TaihuLight commented 5 years ago

@CNugteren @Ulfgard

  1. No. Instead, for sgemmstridedbatched when m=n=k=96 and smaller there is benefit of the batch size. The results for m=n=k=128 and larger are not fine, since as speed remains more or less constant as I increase the number of batches. And this also shown in your results https://cnugteren.github.io/clblast/results/SkylakeULTGT2/sgemmstridedbatched_plot.png For instance, some cases coming from your results are shown as follow.

    m=n=k=64  GFLOPS=20(batchsize=8), GFLOPS=40(batchsize=64)  speedup=40/20=2.0x
    m=n=k=96  GFLOPS=25(batchsize=8), GFLOPS=30(batchsize=64)  speedup=30/25=1.2x
    m=n=k=640  GFLOPS=125(batchsize=8), GFLOPS=125(batchsize=64)  speedup=125/125=1.0x
  2. The XCONVGEMM routine also has the same problem for its performance, since as speed remains more or less constant as I increase the number of batches.

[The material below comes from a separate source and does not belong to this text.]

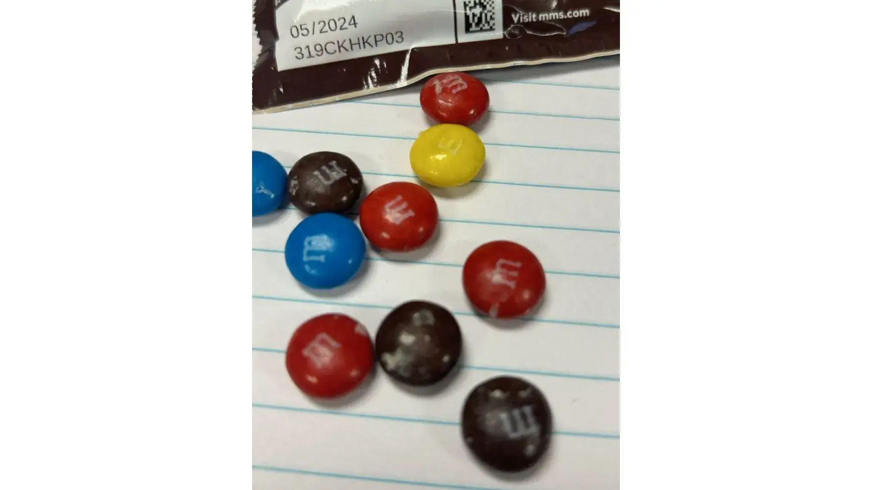 I just bought a bag of M&M's plain candies out of the vending machine at my job: 35 Nutmeg Dr Trumbull, CT 06611 on 10/12/2023 and there was a waxy white substance on them and it had a sour milk smell. I hope it's not bad for me as I did eat some and then noticed some white waxy stuff on my hand. I hope i don't get sick or get the runs from eating them that would be awful. The code on the bag is 05/2024 319CKHKP03

Why? How can I resolve it. For sgemmstridedbatched and XCONVGEMM, their speeds should increase as the number of batches increase. In fact, their speeds remains more or less constant as I increase the number of batches.

CNugteren commented 5 years ago

But then you are talking about larger matrices, and for those the bottleneck lies elsewhere apparently. Increasing the batch size doesn't help with the speed indeed, as you rightly observe. For smaller matrices there is something to gain (they don't fill the GPU entirely on itself and suffer from limited parallelism), which you can also find in your results. But for large matrices not, they already hit other bottlenecks which you can't cure by just simply running more of the same. I'm not really sure what kind of magic you expect to happen here...

TaihuLight commented 5 years ago

I got it. These two routines fit to smaller matrices instead of larger matrices, as increasing the batch size doesn't help with the speed for larger matrices. I expect that increasing the batch size can help with the speed for sgemmstridedbatched and XCONVGEMM with larger matrices. Maybe I am wrong?

CNugteren commented 5 years ago

I'm not sure how it should improve speed. At least not in the current implementation: it just computes other batches separately in the third thread dimension (e.g. see here in code. This has a few overheads (some extra index calculations, other threads potentially polluting caches and so), but has as a main advantage that there is more work to do. For small matrices the work-size (parallelism, latency hiding, etc.) can cause them to go slow. Now, with batches, that can be alleviated. If we have enough threads for our GPUs, batched operations could in theory even harm performance a bit compared to running GEMM sequentially. If you feel this is indeed a problem and have some theory, then feel free to open a separate issue here on GitHub.

CNugteren commented 5 years ago

Separate from above discussion, I can now also announce that (with the help of @vbkaisetsu) the single kernel version got merged yesterday! That means we can close this issue.

For more info on both convolution implementations, see the new documentation.